Наши окна смотрели на центральную улицу и по праздникам на балконе мы должны были вывешивать флаг. В другие дни он в свернутом виде стоял в углу за высокой магнитолой. Выцвевший флаг из паршивого красноватого материала, типа сатина, вблизи резко контрастировал с известными мне по школе и армии роскошными знаменами. Но издали это было незаметно. В детстве приятели завидовали мне по этому поводу. Их квартиры располагались не в тех домах или не на тех этажах.

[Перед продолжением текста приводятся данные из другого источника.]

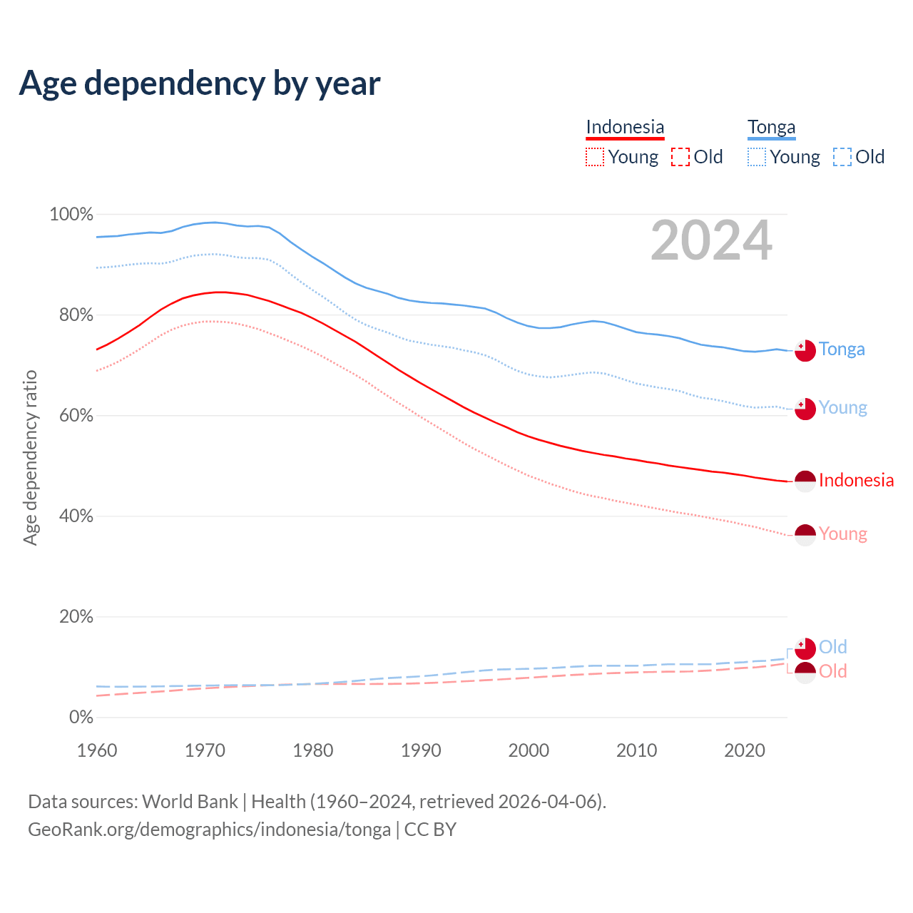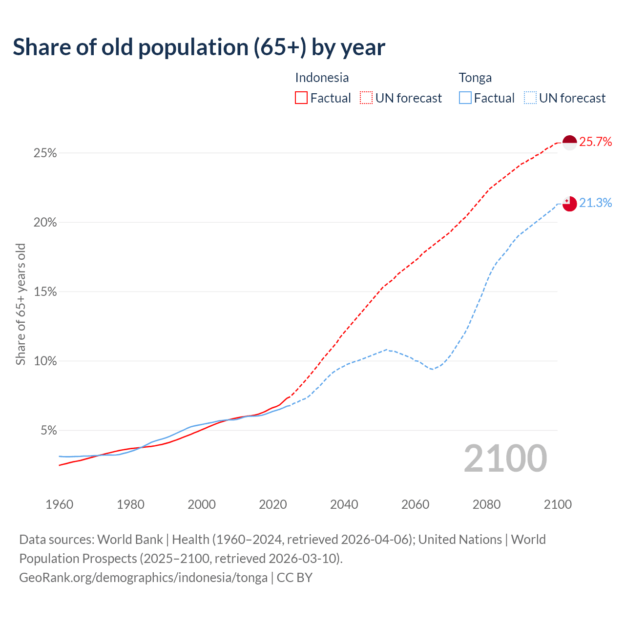 The share of older people aged 65 and over is 7.29% in Indonesia and 6.72% in Tonga. Life expectancy in Indonesia compared to Tonga .
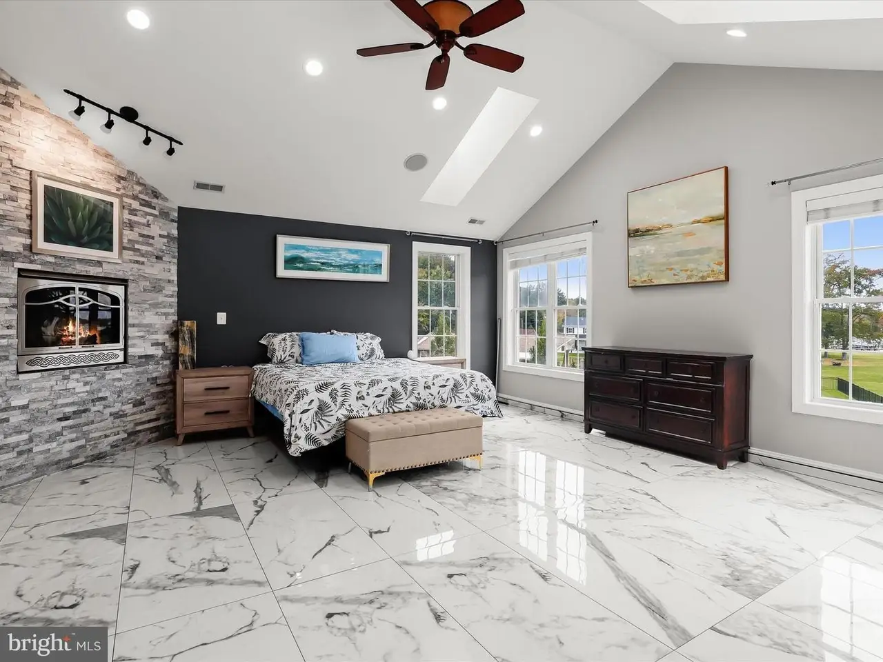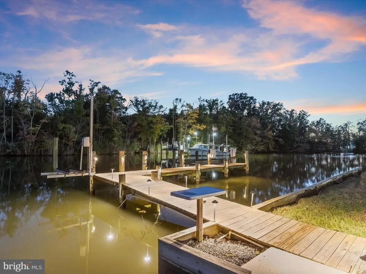 Welcome to your private waterfront retreat, an extraordinary estate set on over 20 acres of beautifully landscaped grounds and over 800 feet of waterfront, offering a harmonious blend of elegance, comfort, and resort-style living. Mature trees frame the property's serene setting, complete with water access, a private dock with two boat slips, a 10,000 lb lift, a jetski lift, and captivating outdoor amenities, including a custom pavilion, a goldfish pond, a patio, a circular driveway with two electric charging stations, and a fire pit. The in-ground pool features a waterfall and a covered patio with electric outlets, creating an entertainer's paradise perfect for gatherings of all sizes. The inviting semi-wraparound porch leads into a grand foyer adorned with heated porcelain tile flooring that continues throughout the main level, with individual climate controls for personalized comfort. The living room impresses with soaring ceilings, crown molding, recessed lighting, and a granite-surround wood-burning fireplace that frames spectacular panoramic views. The formal dining area exudes sophistication with box wainscoting, medallion ceiling accents, brass fixtures, and access to the expansive new composite deck. A chef's kitchen stands at the heart of the home, equipped with industrial-grade Monogram stainless steel appliances, double ovens, a center island with breakfast bar, custom 42""Â? cabinetry, granite counters, and soft-close drawers, all complemented by a convenient mudroom. The guest wing offers privacy and comfort with a full bath, a bedroom with a walk-in closet, and access to an oversized three-car garage with a loft for storage or recreation. The family/game room offers the ultimate leisure space, featuring a billiards area, a wet bar with a beverage cooler and ice machine, crown molding, soaring ceilings, a powder room, surround sound, and direct access to the front porch. The primary suite is a true sanctuary featuring a cathedral ceiling, stone gas fireplace, skylights, heated porcelain tile flooring, double walk-in closets, an electric fireplace, a private balcony, and a spa-inspired en suite with dual vanities, lighted mirrors, a soaking tub with scenic views, and a steam shower with triple shower heads. Three additional bedroom suites each offer their own charm with walk-in closets, custom built-ins, and designer finishes. The fully finished lower level expands the living space with a private wine room, a large recreation area with a stone wall fireplace, a kitchenette with a breakfast bar and a built-in microwave, a full bath, a bedroom, and a second laundry area. An additional bedroom suite features luxury flooring, a custom walk-in closet, and a breathtaking en suite with a freestanding tub, walk-in shower, hexagon tile accents, and a double vanity with illuminated mirrors. A rare combination of craftsmanship, privacy, and luxury, this exceptional property offers a lifestyle beyond compare, with easy access to major commuter routes, including I-695 and I-95. Updates: New Composite Deck 2025, Extensive Hardscape with pond, retaining walls, and spill overs 2023, New Driveway with Landscaping and lights 2021, 2-Car Charging Stations 2021, Exterior House painted 2025, Radiant Tile flooring throughout with independent controls 2021, New gutter system 2024, Water Filtration system 2021, House generator 2023, Loft above the garage 2023, New Primary bath with steam shower and fireplace 2022, New secondary bath 2023, Updated lower-level bath 2022, Upstairs Laundry room 2022, Lower Level Laundry room 2022, New Kitchen refrigerator

Мне же было по барабану, я больше гордился уникальным ярко-желтым полом и клееным пластиковым потолком. Родители в моем детстве часто колесили по стране и видели там всякое. Могли из столицы поездом привезти обои, а посылкой переправить ярко-белую гэдээровскую краску для окон. Тогда это не являлось дурдомом. О, блин, кому я это рассказываю! Забылся...

В то время я вернулся из армии, учился на втором курсе. Бывшим армейцам на два семестра гарантировали сорок рублей стипендии. При любой успеваемости. Это было разумно – отупели мы, как выяснилось, прилично. Интегралы не извлекались, на лекциях хотелось спать. Решением Верховного Совета СССР студентов брать в армию перестали, мы были одним из последних призывов. Несколько месяцев недослужили и демобилизовались не по приказу, а по горбачевскому спецпостановлению. Так что не было у меня ста дней до приказа.

Учиться на дневном отделении и сидеть целиком на шее у родителей стало стыдно, и я устроился ночным сторожем в поликлинику. Оформившись в отделе вневедомственной охраны за восемьдесят рублей в месяц. Плюсом шли вещевые бонусы – бушлат-фуфайка, прорезиненный зеленый брезентовый плащ до пят, искусственного меха зимняя шапка, трехпалые вохровские теплые рукавицы и кирзачи, несколько отличающиеся от армейских. Все добро я увез в деревню. Плащ сохранился еще почти на тридцать лет – валялся в багажнике машины. Пригождался на рыбалке и в качестве подстилки на пикниках. А дубленый тулуп мне не выдали – не положено тем, кто дежурит в помещении. Переводиться же на другой холодный пост, после столь недавней отдачи воинского долга, я посчитал глупым. Даже ради желтой дубленки.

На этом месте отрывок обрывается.